[Data excerpts]
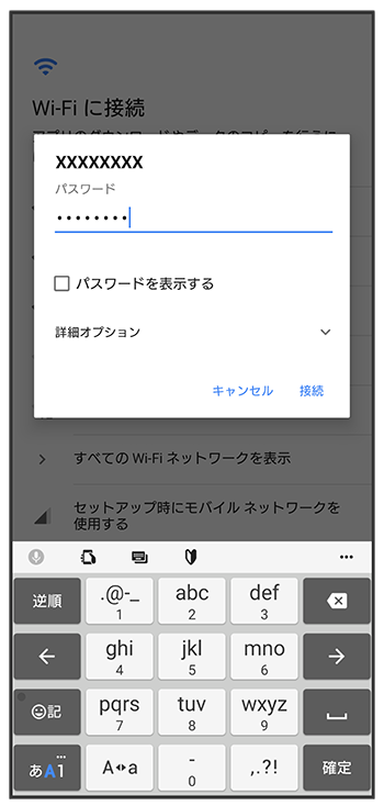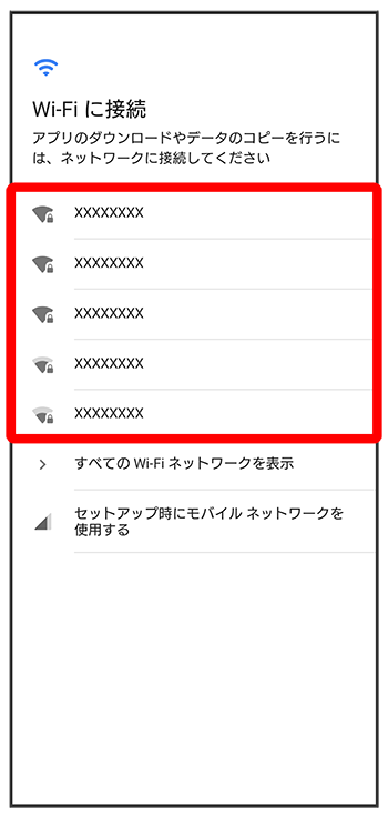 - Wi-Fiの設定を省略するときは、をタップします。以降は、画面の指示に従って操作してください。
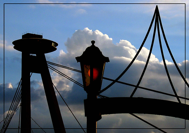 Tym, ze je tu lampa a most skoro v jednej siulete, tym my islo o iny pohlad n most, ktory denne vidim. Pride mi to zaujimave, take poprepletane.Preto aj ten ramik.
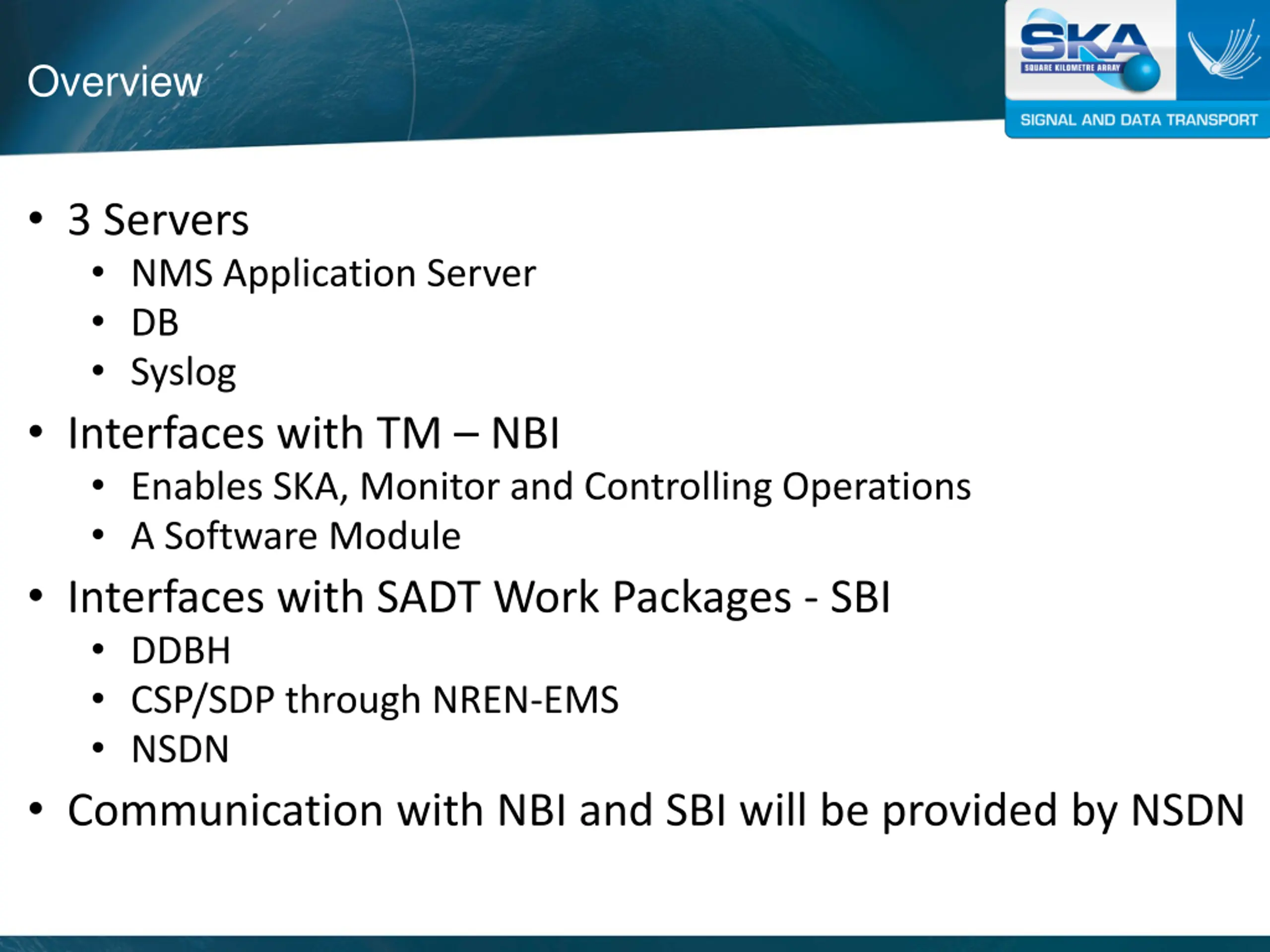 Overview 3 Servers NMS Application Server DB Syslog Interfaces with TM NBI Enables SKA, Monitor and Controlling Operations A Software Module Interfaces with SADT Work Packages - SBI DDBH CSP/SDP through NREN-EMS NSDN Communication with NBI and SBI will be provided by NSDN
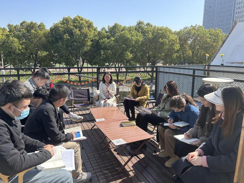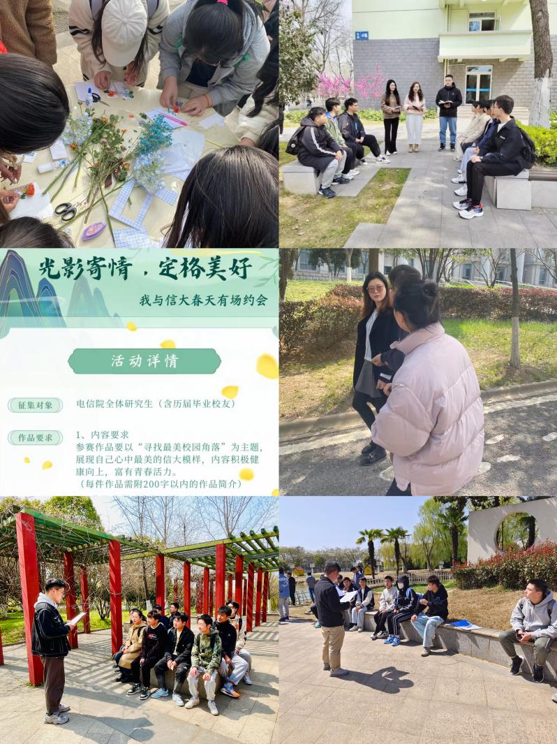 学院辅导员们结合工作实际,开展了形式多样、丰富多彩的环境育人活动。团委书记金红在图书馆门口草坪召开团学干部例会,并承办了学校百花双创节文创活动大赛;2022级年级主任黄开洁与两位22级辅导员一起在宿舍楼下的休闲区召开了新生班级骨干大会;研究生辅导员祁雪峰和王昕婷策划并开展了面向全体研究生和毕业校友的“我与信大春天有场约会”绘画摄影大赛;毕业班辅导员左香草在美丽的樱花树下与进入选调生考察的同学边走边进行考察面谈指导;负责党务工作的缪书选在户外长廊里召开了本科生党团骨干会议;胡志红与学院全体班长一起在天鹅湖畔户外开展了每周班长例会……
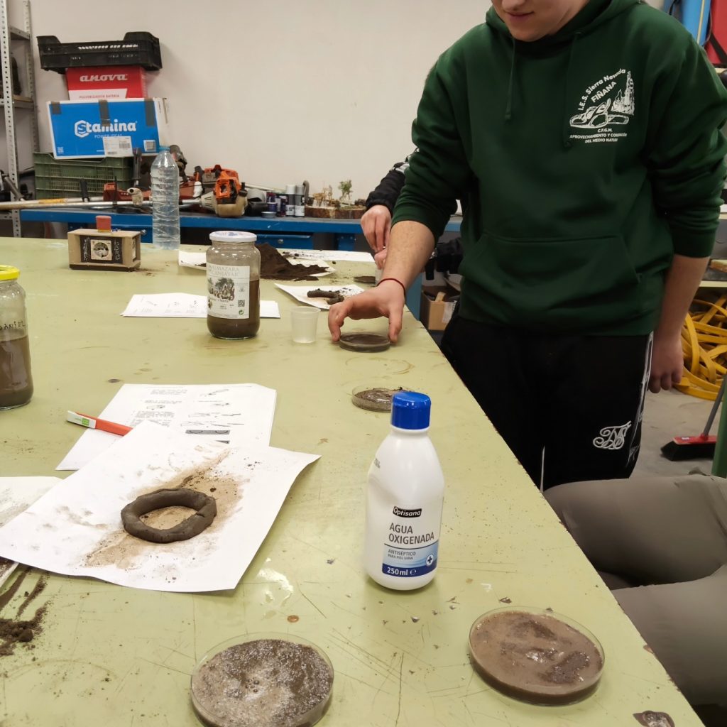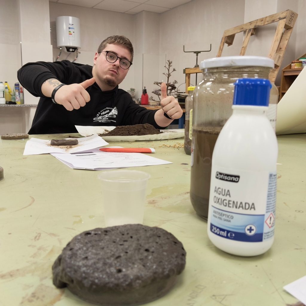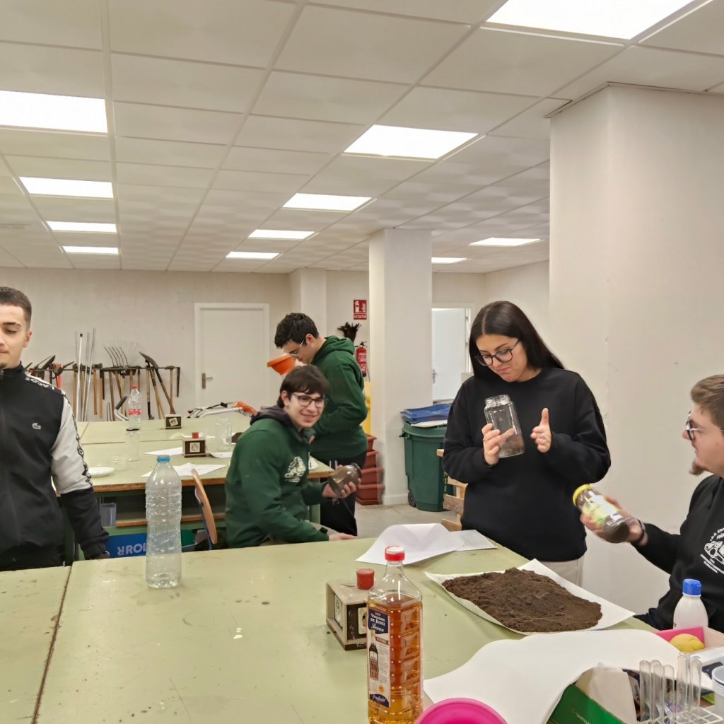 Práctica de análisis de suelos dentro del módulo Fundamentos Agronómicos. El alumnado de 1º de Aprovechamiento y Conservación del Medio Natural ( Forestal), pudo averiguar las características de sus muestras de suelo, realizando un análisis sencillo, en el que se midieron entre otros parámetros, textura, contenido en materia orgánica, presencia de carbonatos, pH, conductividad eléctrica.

WHAT TO WORK ON
Copy out all the data above exactly, minus the images.

EXERCISE ANSWER
 - Wi-Fiの設定を省略するときは、をタップします。以降は、画面の指示に従って操作してください。
 Tym, ze je tu lampa a most skoro v jednej siulete, tym my islo o iny pohlad n most, ktory denne vidim. Pride mi to zaujimave, take poprepletane.Preto aj ten ramik.
 Overview 3 Servers NMS Application Server DB Syslog Interfaces with TM NBI Enables SKA, Monitor and Controlling Operations A Software Module Interfaces with SADT Work Packages - SBI DDBH CSP/SDP through NREN-EMS NSDN Communication with NBI and SBI will be provided by NSDN
 学院辅导员们结合工作实际,开展了形式多样、丰富多彩的环境育人活动。团委书记金红在图书馆门口草坪召开团学干部例会,并承办了学校百花双创节文创活动大赛;2022级年级主任黄开洁与两位22级辅导员一起在宿舍楼下的休闲区召开了新生班级骨干大会;研究生辅导员祁雪峰和王昕婷策划并开展了面向全体研究生和毕业校友的“我与信大春天有场约会”绘画摄影大赛;毕业班辅导员左香草在美丽的樱花树下与进入选调生考察的同学边走边进行考察面谈指导;负责党务工作的缪书选在户外长廊里召开了本科生党团骨干会议;胡志红与学院全体班长一起在天鹅湖畔户外开展了每周班长例会……
 Práctica de análisis de suelos dentro del módulo Fundamentos Agronómicos. El alumnado de 1º de Aprovechamiento y Conservación del Medio Natural ( Forestal), pudo averiguar las características de sus muestras de suelo, realizando un análisis sencillo, en el que se midieron entre otros parámetros, textura, contenido en materia orgánica, presencia de carbonatos, pH, conductividad eléctrica.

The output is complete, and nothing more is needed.